**REQUIRED ACTION**
Repeat exactly the lines running from the first line of the data to the line containing "(图二小黑老师与小朋友一起进行实验)", both ends included, and nothing else; drop the pictures.

________________

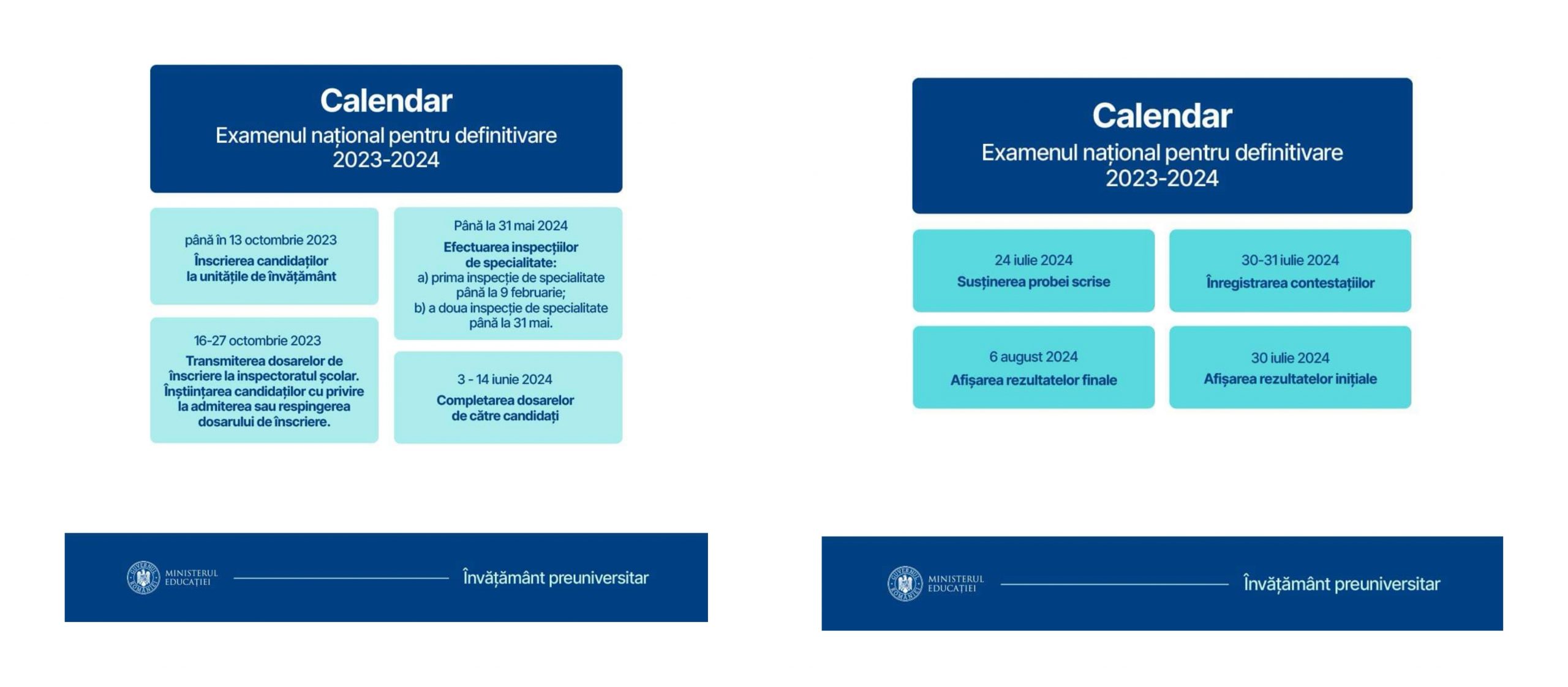 Ministerul Educației a anunțat faptul că a fost semnat Ordinul privind aprobarea Calendarului de organizare și desfășurare a examenului național pentru definitivare în învățământul preuniversitar, în anul școlar 2023-2024.
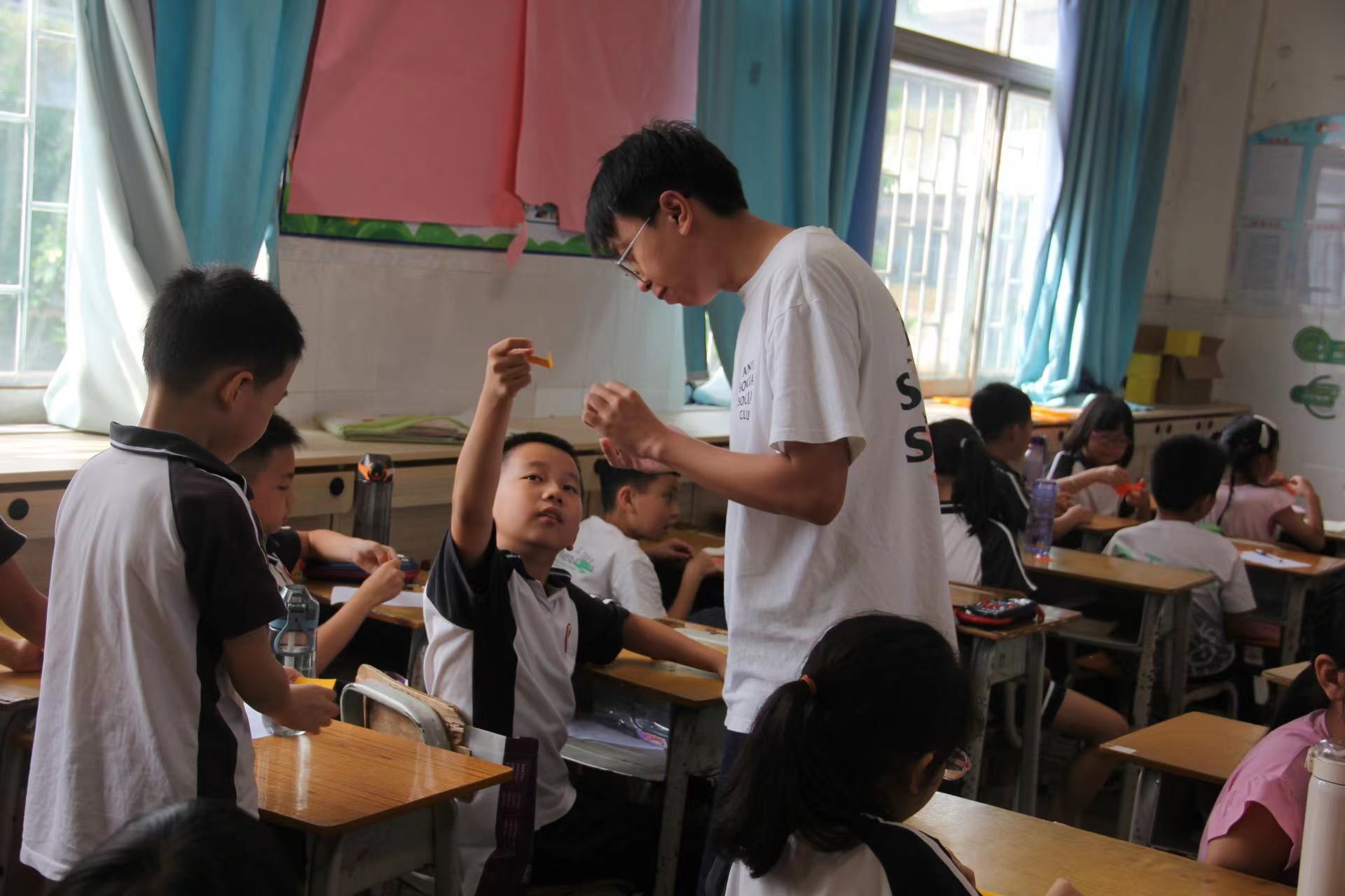(图二小黑老师与小朋友一起进行实验)
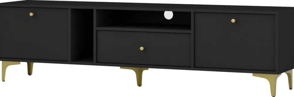 Szafka RTV o długości 180 cm wyróżnia się minimalistycznym, a zarazem eleganckim wyglądem. Drzwi po prawej i lewej stronie zapewniają dużą przestrzeń do przechowywania, idealną do ukrycia sprzętu audio-wideo, książek czy innych niezbędnych przedmiotów. W środkowej części szafki znajduje się szuflada, która jest idealna do przechowywania drobnych akcesoriów, takich jak piloty czy kable, oraz otwarta półka, doskonała na sprzęt multimedialny, taki jak konsole do gier czy odtwarzacze DVD.
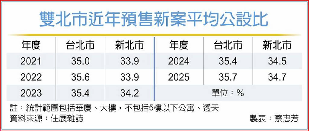 據住展統計,2025年新成屋、預售屋建案平均公設比,雖與前幾年的差距不大,仍為統計紀錄以來高點。其中台北市公設比達40%以上的預售新案,占比更來到1成,比2024年的5%翻倍。
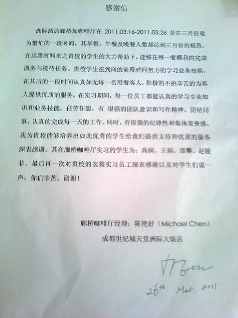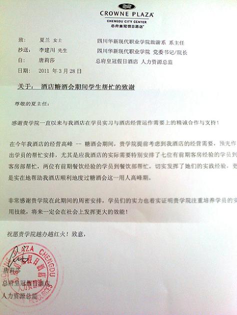 2011年3月14日至26日,我院旅游系09级学生分别在洲际酒店集团、皇冠总府假日酒店进行为期两周的社会实践活动,为酒店承办的大型会展活动提供优质服务,他们出色的表现赢得了酒店的高度评价,近日洲际酒店集团和总府皇冠假日酒店为我院旅游系发出了感谢信,同时也对学院培养应用型人才的教育理念给予高度评价。
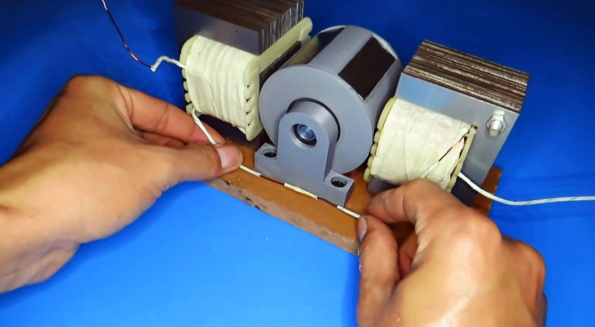 Чтобы воспользоваться генератором, нужно соединить по одному выходу катушек между собой.
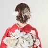 結び目を隠すように、水引や金箔を施したタイトな髪飾りを添えるのが旬。サイドの髪をツイスト(ねじり)や編み込みで立体的に仕上げると◎。
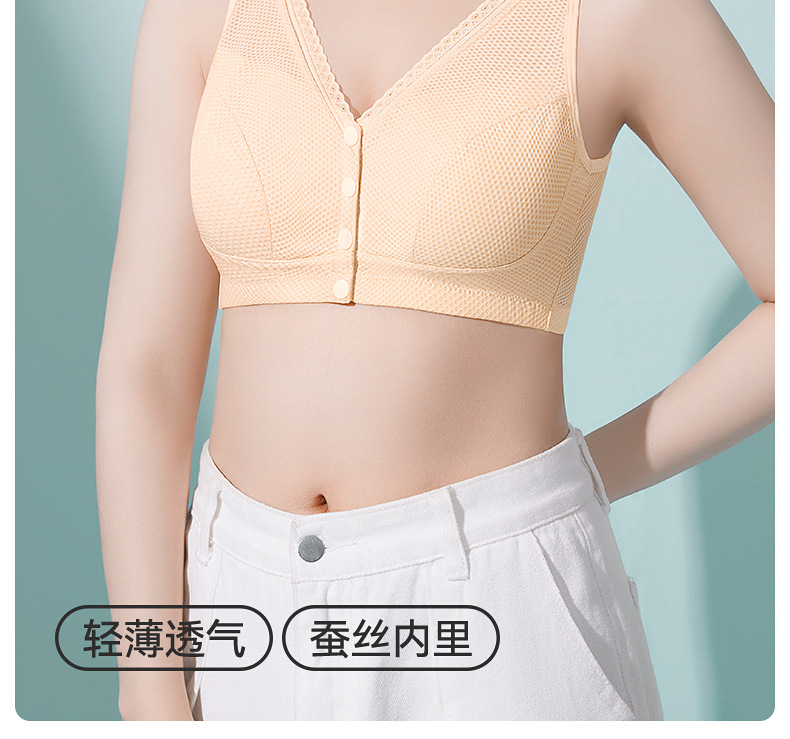 Ropa interior de madre sujetador con hebilla delantera femenina estilo fino de verano sin anillo de acero estilo chaleco mujeres de mediana edad y ancianas reunidas sujetador de seda de hielo
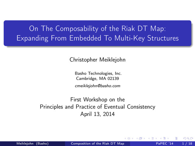H. Katz. Understanding tcp incast and its implications for big data workloads. Technical Report UCB/EECS-2012-40, EECS Department, University of California, Berkeley, Apr 2012. C. Hale and R. Kennedy. Riak and Scala at Yammer. http://vimeo.com/21598799 . W. Moss and T. Douglas. Building A Transaction Logs-based Protocol On Riak. http://vimeo.com/53550624 . Meiklejohn (Basho) Composition of the Riak DT Map PaPEC ’14 18 / 18
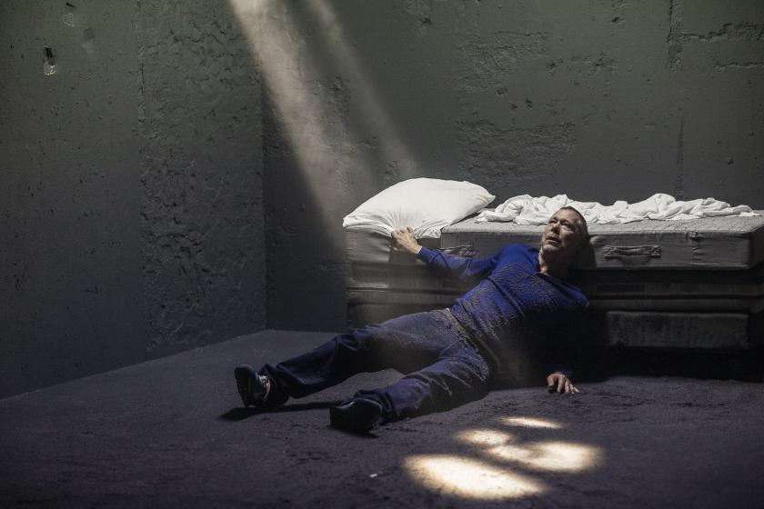A bare interior with tarnished walls, a single bed, and an oxygen tube. The stage seems to have been set for a Beckett play, but the figure who comes to inhabit this dejected enclosure for 90 minutes is grounded in a far different world.
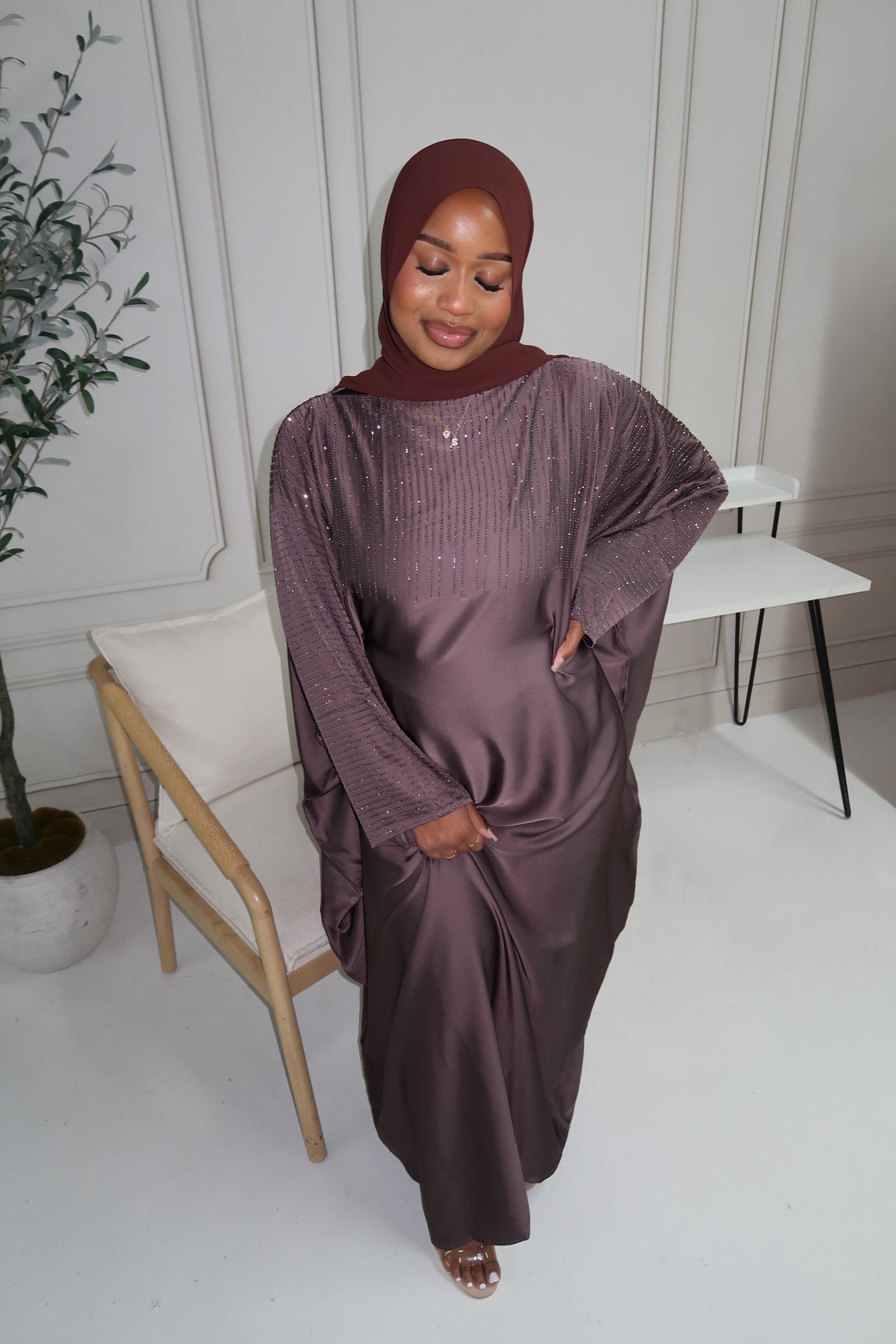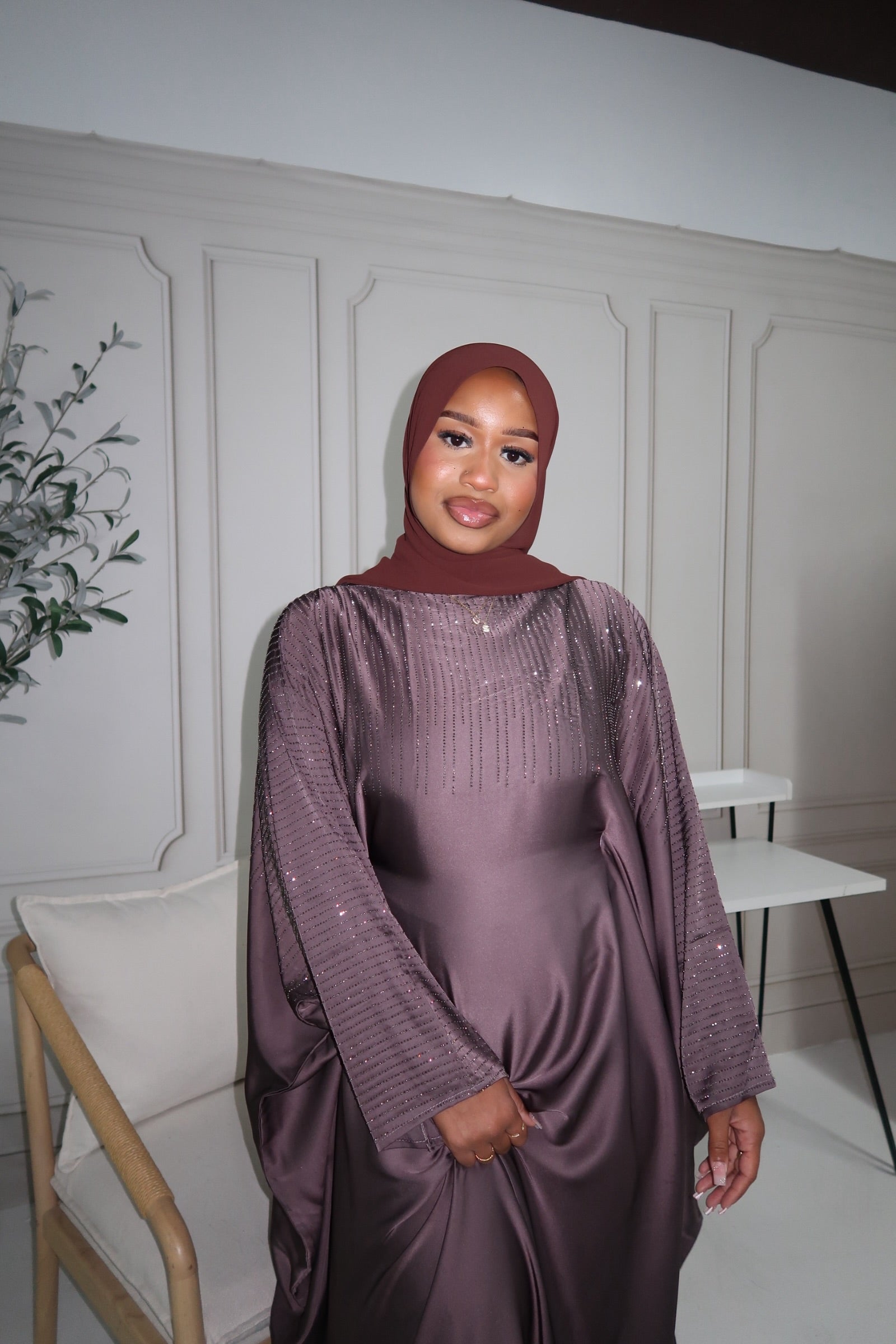 Introducing Faatima Kaftan in Fig Rose. A lightweight 2-piece set featuring a flowy satin kaftan and matching chiffon hijab. Elegant, airy, and perfect for any special occasion.
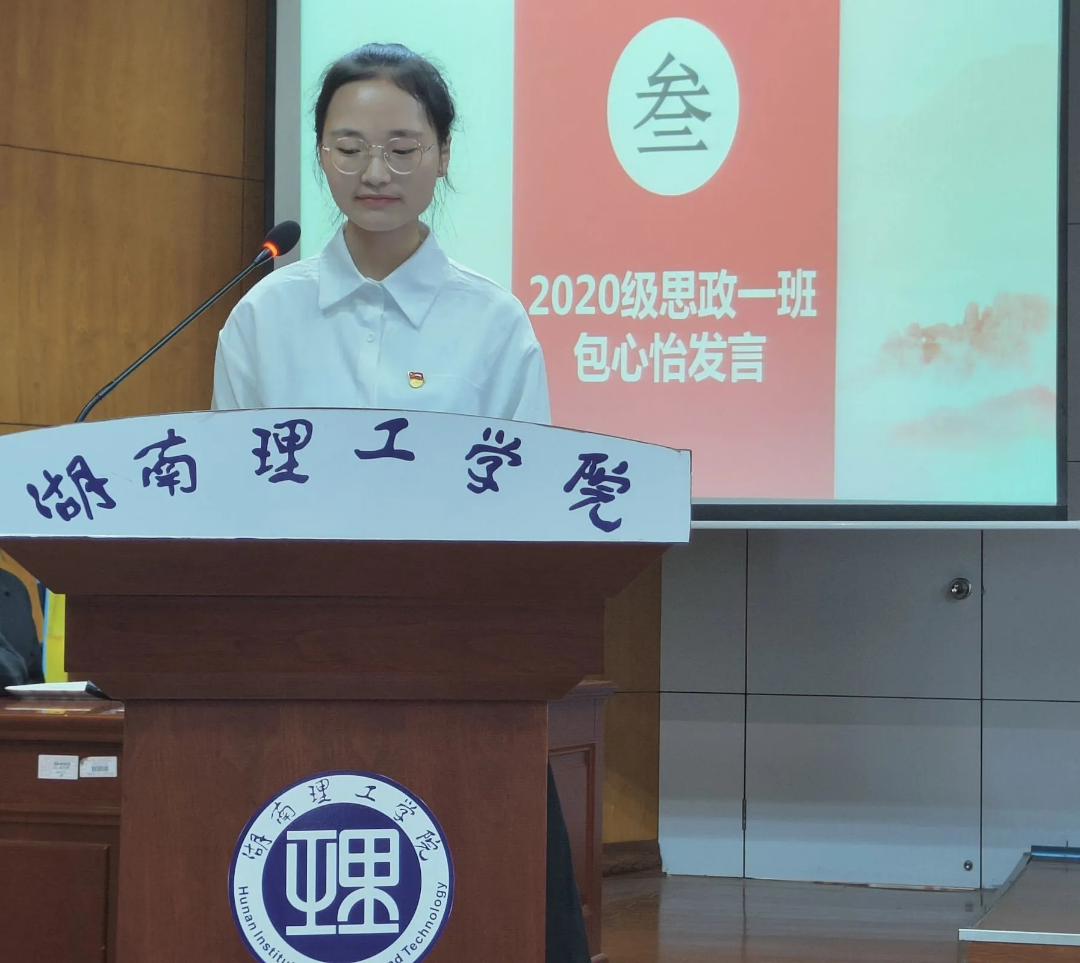 2020级思政一班包心怡同学作为老生代表发言。她结合自己的大学学习经历,告诉学弟学妹们要在大学生活中培养能力、历练人格在实干中寻找学习的真谛,要立志成为一名优秀的大学生,在刻苦学习专业知识的同时,还要在社团、学生组织、志愿活动中找寻前进的方向,不断增强自己实践能力。新生代表、2022级思政一班的许婧同学在发言中表示,自己将从明确目标、勤学善思,抓住机遇、提升能力,开拓创新、心怀梦想三个方面树立远大理想、坚定努力方向,在中国共产党的正确领导下书写无悔青春篇章。
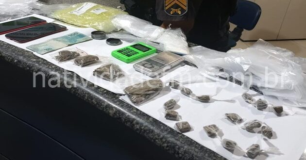 Depois de vasculhares o interior do residência que fica na Rua Cabo Jair Moura, militares do 29º BPM, encontraram farto material para endolação – 556 sacolés e cerca de mil pinos vazios – balança de precisão, celulares, máquina de cartão, R$ 100, 15 buchas e outros quatro pedaços, totalizando 106 gramas de maconha.

________________

**RESULT FOR THIS TASK**
 Ministerul Educației a anunțat faptul că a fost semnat Ordinul privind aprobarea Calendarului de organizare și desfășurare a examenului național pentru definitivare în învățământul preuniversitar, în anul școlar 2023-2024.
(图二小黑老师与小朋友一起进行实验)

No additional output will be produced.